Há algum tempo fui contactado por um advogado cujo cliente era um imigrante que enfrentava a pena de deportação. Os serviços de Imigração dos Estados Unidos, com fundamento numa pesquisa efectuada no AFIS (Automated Fingerprint Identification System) apuraram que o individuo já havia sido deportado anteriormente mas com nome diferente.
Foi-me solicitado que confirmasse que as impressões digitais se identificavam com as impressões digitais do seu cliente.
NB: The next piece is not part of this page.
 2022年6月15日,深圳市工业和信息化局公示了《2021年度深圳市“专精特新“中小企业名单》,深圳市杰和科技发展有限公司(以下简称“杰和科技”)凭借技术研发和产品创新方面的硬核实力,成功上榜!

Perguntei ao advogado o nome e o contacto do Perito de Lofoscopia que tinha efectuado a identificação.
Foi com surpresa que percebi que os resultados do AFIS não tinham sido confirmados por nenhum Perito e que o Tribunal se preparava para promover a deportação do individuo baseado no resultado da pesquisa do AFIS.
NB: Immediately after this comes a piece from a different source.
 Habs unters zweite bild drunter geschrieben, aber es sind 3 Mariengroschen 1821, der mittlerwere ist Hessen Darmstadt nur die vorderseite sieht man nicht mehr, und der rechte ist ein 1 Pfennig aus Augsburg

Elaborei um memorando para o advogado, onde explicava como o AFIS trabalhava e o conjunto de procedimentos que são seguidos quando ocorre um HIT do sistema: um Perito compara as impressões digitais seleccionadas pelo computador de forma a garantir que aquela é de facto uma identificação.
O advogado solicitou ao Tribunal que, suspendesse o processo de deportação, até que as impressões digitais fossem analisadas por um Perito de Lofoscopia. A moção foi rejeitada e o Tribunal insistiu que os resultados do AFIS eram suficientes para dar continuidade à deportação.
Noutro caso, fui recentemente consultado em dois casos de contornos idênticos. Em cada um dos casos, os vestígios recolhidos em local de crime foram remetidos a pesquisas no AFIS. O serviço AFIS emitiu Relatórios em que afirmam que as pesquisas efectuadas tinham resultado em identificações positivas. No Relatório foi incluído qual o dedo que tinha sido identificado e a codificação correspondente ao indivíduo identificado.
Estes Relatórios foram utilizados como prova de autoria material dos crimes em investigação e, em ambos os casos, os indivíduos foram acusados.
Também nestes dois casos, solicitei cópias dos Relatórios efectuados pelos Peritos de Lofoscopia para me documentar sobre os casos e avaliar quais as questões pertinentes que poderia equacionar.
Fui informado que nos processos não constavam quaisquer Relatórios e que as acusações tinham sido formuladas sem ter havido qualquer verificação dos resultados das pesquisas do AFIS. Da mesma forma nenhum Perito foi chamado a depor em julgamento.
Estes dois casos estão em julgamento e até agora nenhum Perito de Lofoscopia se pronunciou sobre a identificação positiva dos vestígios recolhidos naqueles dois locais de crime.
Está a tornar-se comum, que os casos em que ocorrem identificações no AFIS, encontrar apenas o print-screen da identificação, sem qualquer Relatório de Peritos especializados a confirmar a identificação.
Regra geral, não consta qualquer informação se o HIT do AFIS ocorreu com 1ª candidato ou com o 20º candidato.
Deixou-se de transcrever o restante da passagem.